The action sequences are the usual mix of somewhat silly strong arm stunts, with baddies incapacitated but not injured, followed by the Hulk running away before the police arrive. One memorably ludicrous sequence sees Banner and Jasmin perused by henchmen and their car forced onto a building site, whereupon it is slowly crushed between two diggers. Not only does this unorthodox assassination method allow for the Incredible one to emerge and force said diggers back – somehow stalling their engines – it also inexplicably prevents the heavies trying any other methods, such as, y’know, shooting them. The guns come out and things pick up during a bullet-riddled siege and aeroplane-escape sequence at the finale; and one joyous early money shot sees the Hulk run through an entire house, leaving three demolished walls and two bemused residents in his wake.

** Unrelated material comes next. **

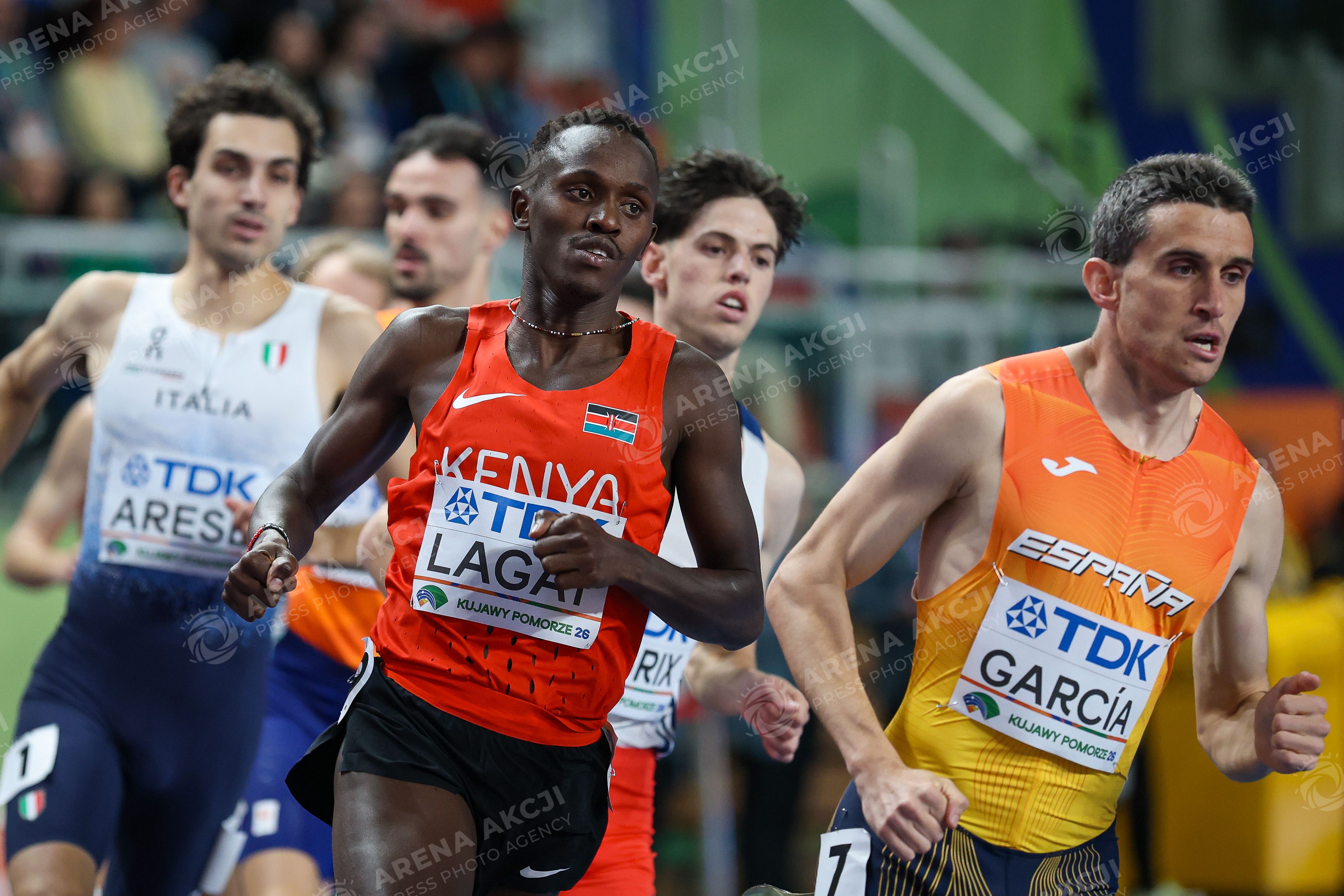 Torun 20.03.2026. World Athletics Indoor Championship Kujawy Pomorze 2026 in Torun, Poland Day 1 --- Lekka atletyka Lekkoatletyka Halowe Mistrzostwa Swiata Torun 2026 Dzien 1 Bieg mezczyzn 1500 metrow Men run 1500 meters Persons Sown : Festus Lagat KEN Fot. Igor Jakubowski / Arena Akcji

It goes without saying that the special effects are no match for the million-dollar CGI of the green meanie’s modern movies; but it also goes without saying that no computer generated Hulk could ever be as engaging as Lou Ferrigno, and no amount of pixelated musculature as impressive as his 6’5” Mr Universe physique. Over the fourteen years he was in the role, Ferrigno claimed his place alongside Christopher Reeve as one of the definitive screen superheroes, and still voices the Hulk today in cartoons and the Avengers franchise.

Death of… was never really intended to be the end; but a follow-up, Revenge of the Incredible Hulk, never made it beyond the scripting stage, and a She-Hulk pilot, which Bixby and Ferigno were involved in, was also cancelled. Perhaps it’s for the best, as this is a character – like Hugh Jackman’s equally lengthy and tragic portrayal of wolverine – who earned a proper ending.